EXPRESSINDONEWS-- Di tengah hiruk-pikuk aktivitas UMKM Kampung Cina, Kota Manado, muncul satu nama yang kini menjadi simbol keberanian dan perlawanan terhadap ketidakadilan. Ia adalah Ananta Prince (Rahmat Manoppo), seorang pelaku UMKM yang memilih berdiri tegak ketika banyak lainnya memilih diam.
Ananta bukan hanya berjualan di kawasan UMKM Kampung Cina, tetapi juga menjadi garda terdepan dalam menolak kenaikan iuran sepihak yang diberlakukan oleh pihak yang diduga sebagai pengelola ilegal. Kenaikan iuran yang mencapai Rp1,3 juta bagi pelaku usaha makanan dan minuman dinilai tidak masuk akal, tanpa dasar hukum, serta tanpa transparansi yang jelas.
Perjuangan itu bermula dari sebuah postingan curahan hati di media sosial. Dalam unggahannya, Ananta secara terbuka membeberkan kronologi yang ia alami—mulai dari kebingungannya atas besaran iuran, hingga keberaniannya mempertanyakan ke mana uang tersebut disetorkan. Namun alih-alih mendapat penjelasan, jawaban yang diterima justru menambah kecurigaan.
“Kalian tidak perlu tahu uang itu ke mana,” demikian pernyataan pihak pengelola yang diterima Ananta. Kalimat singkat itu menjadi titik balik.
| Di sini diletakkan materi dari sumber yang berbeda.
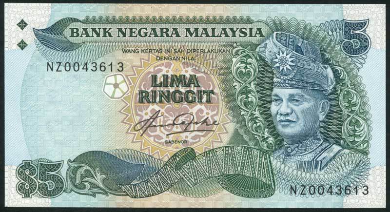 Bank Negara Malaysia, 5 ringgit, ND (1981-), serial number NZ 0043613, blue-green, Tuanku Abdul Rahman at right, Abdul Aziz bin Taha signature

Sebuah jawaban yang justru menegaskan adanya persoalan serius dalam tata kelola UMKM Kampung Cina.
Keberanian Ananta mempertanyakan iuran tersebut berbuntut panjang. Ia diusir dari lokasi berjualan, sebuah konsekuensi pahit yang harus diterima karena memilih bersuara. Awalnya, langkah Ananta diiringi dukungan rekan-rekan sesama pelaku UMKM. Namun seiring waktu berjalan, satu per satu mundur. Ketakutan akan bernasib sama—terusir dari lokasi usaha—membuat Ananta akhirnya harus berjuang sendirian.
Meski demikian, Ananta tidak mundur. Ia tetap berdiri pada prinsip, bahwa pelaku UMKM berhak mendapatkan kejelasan, keadilan, dan perlindungan. Perjuangan yang tampak sunyi itu akhirnya berbuah manis.
DPRD Kota Manado melalui Komisi II turun tangan. Konflik yang mencuat di ruang publik mendorong wakil rakyat untuk bertindak cepat dan tegas. Hearing pun digelar, mempertemukan kedua belah pihak guna mengurai akar persoalan dan mencari solusi yang adil.
Fakta demi fakta pun terungkap. Dari hasil penelusuran, diketahui bahwa uang iuran yang dikumpulkan pihak pengelola ternyata digunakan untuk menggaji diri mereka sendiri. Sebuah temuan yang membenarkan kegelisahan dan kecurigaan Ananta sejak awal.
Kini, perjuangan Ananta Prince bukan sekadar soal iuran. Ia telah menjelma menjadi simbol perlawanan UMKM kecil terhadap praktik pengelolaan yang tidak transparan. Dalam kesendirian, ia memilih jujur. Dalam tekanan, ia memilih berani.
Ananta membuktikan bahwa satu suara, jika dilandasi kebenaran dan keberanian, mampu menggugah perhatian banyak pihak—bahkan hingga ke gedung dewan. Sebuah pelajaran berharga bahwa keadilan sering kali lahir dari keberanian orang-orang biasa yang menolak tunduk pada ketidakadilan.